Jove, $7.50, ISBN 0-515-12677-2
Paranormal Romance, 1999
I managed to read Jewels of the Sun in-between having the time of life sitting all day by the Loch Ness in Scotland. I was indulging an animal-crazy person who had somehow thought that he could be the one to document the existence of Nessie the Loch Ness Monster. Fat chance. All we saw were friendly people who told us even a monster wouldn’t be crazy enough to surface at this time of the year.
Life at the moment is bliss and stress-free, which is why I could finish this book in my state of mind. Nothing happens at all in this book except for talk and happy visiting, and if I’m not where I am at the moment, I’d be suffering from rigor mortis by now.
The story is basically a mishmash of everything I’ve read in a Nora Roberts book. Jude Murray suffers from nervous breakdown and flees to Utopian Ireland to stay at Faerie Hill Cottage and study Irish folktales while rediscovering herself. Wonder if she’s good buddy with that woman from Enchanted. She meets hunk Adrian Gallagher, eldest of three beautiful siblings who run the local pub. He sees Jude, they talk about this ghost of Lady Gwen, the local tragic ghost, that they’d seen. Jude spends her time running around the cool, wonderful idyllic Ireland countryside singing songs from the The Sound of Music soundtrack. Or something like that, because all the characters actually do in this book is to sell me how wonderful a place Ireland is. These people must do the Irish Tourism Board damned proud.

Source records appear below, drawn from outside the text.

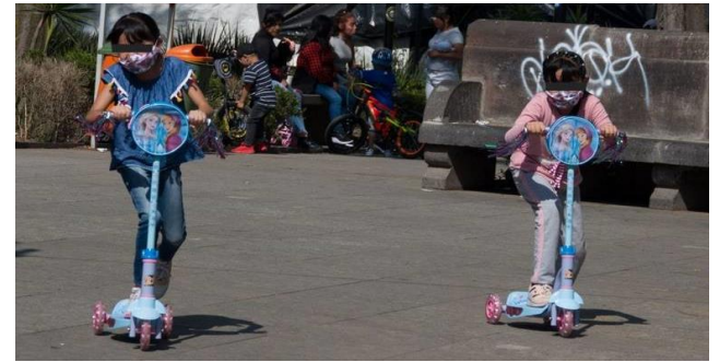
El delito se castigará con penas privativas de libertad que podrían alcanzar los 18 años de cárcel.

Esto, indicó, es producto del panorama que enfrentan las mujeres en los pueblos originarios, donde prevalecen los “Usos y Costumbres”, que en este caso deberían llamarse “Abusos y Costumbres”.
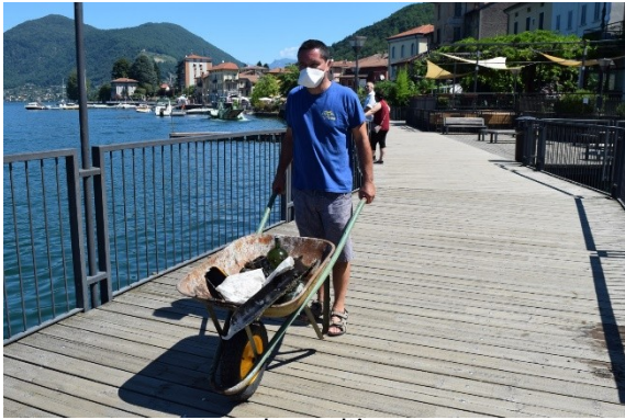
Verso lo smaltimento
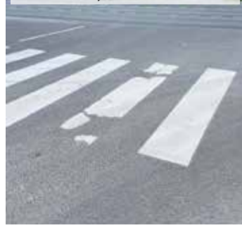
Horizontālais marķējums Malkas ceļā
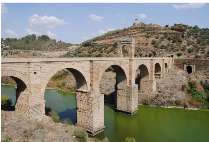
Imatge 2. Pont d'Alcántara, Càceres. Imagen 2: Puente de Alcántara, Cáceres. S. II d. C.
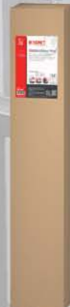
BORNIThene PLUS Samoprzylepna izolacja bitumiczna (-5°C)
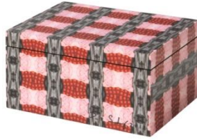
FÖREMÅL ふた付ボックス ¥ 1,299
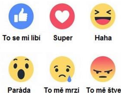
Obrázek 2: Emotikony k vyjádření emocí

Dalšími prostředky, které nám pomohou v neverbální komunikaci na internetu, jsou gify neboli animované grafické obrázky, nebo vyjádření svých rozdílných pocitů, emocí a nálad . S tímto se převážně setkáme na sociální síti Facebook. Zde můžeme lajkovat příspěvky jiných uživatelů a vyjádřit tak, že se nám daný příspěvek líbí. V dnešní době však můžeme kromě To se mi líbí vyjádřit i jiný názor. Existuje dalších 5 ikon, které zobrazují různé emoce. První je emotikon Super , další Haha , Paráda , To mě mrzí a To mě štve . 42
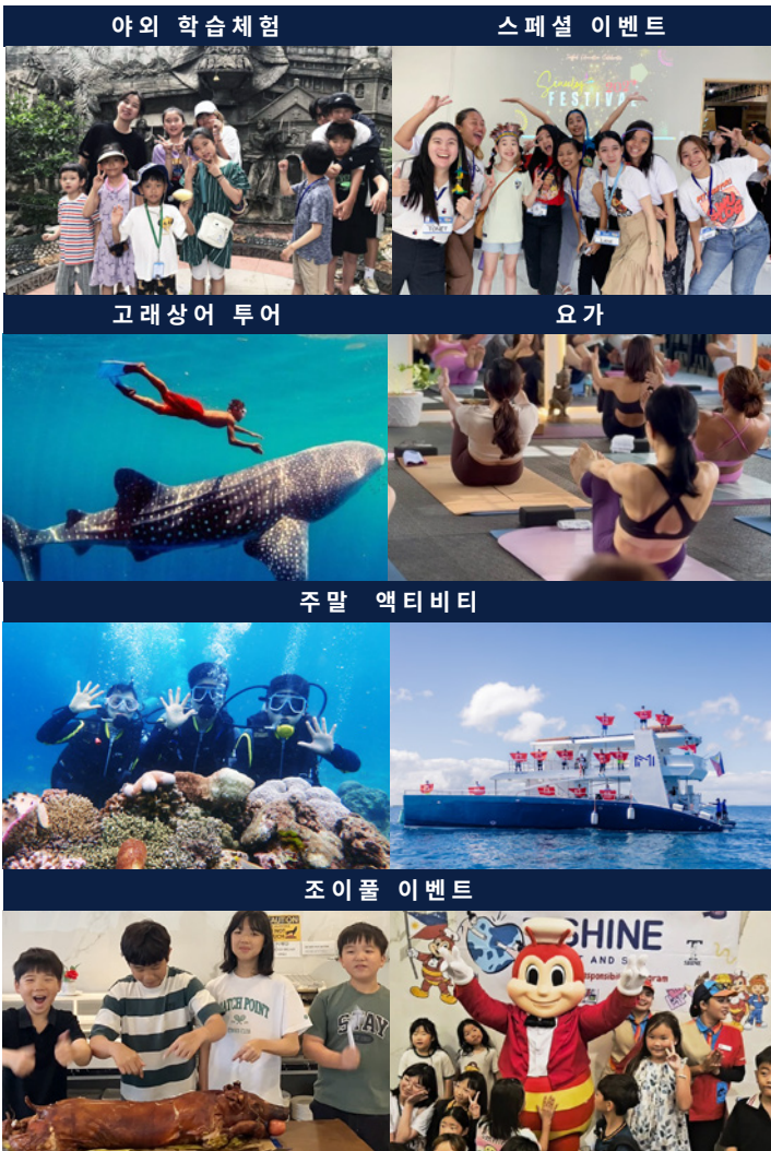
야외 학습 체험

The romance is tepid and rather tame because there’s little conflict to stop them from ripping each other’s clothes at first sight.
Which is why, since I’m also enjoying life at the moment, I can finish this book without snoozing. Besides, one needs something to do in-between freezing by a pond because some stupid monster is inconsiderate enough not to prove right that wacky theory that Nessie comes out only in winter.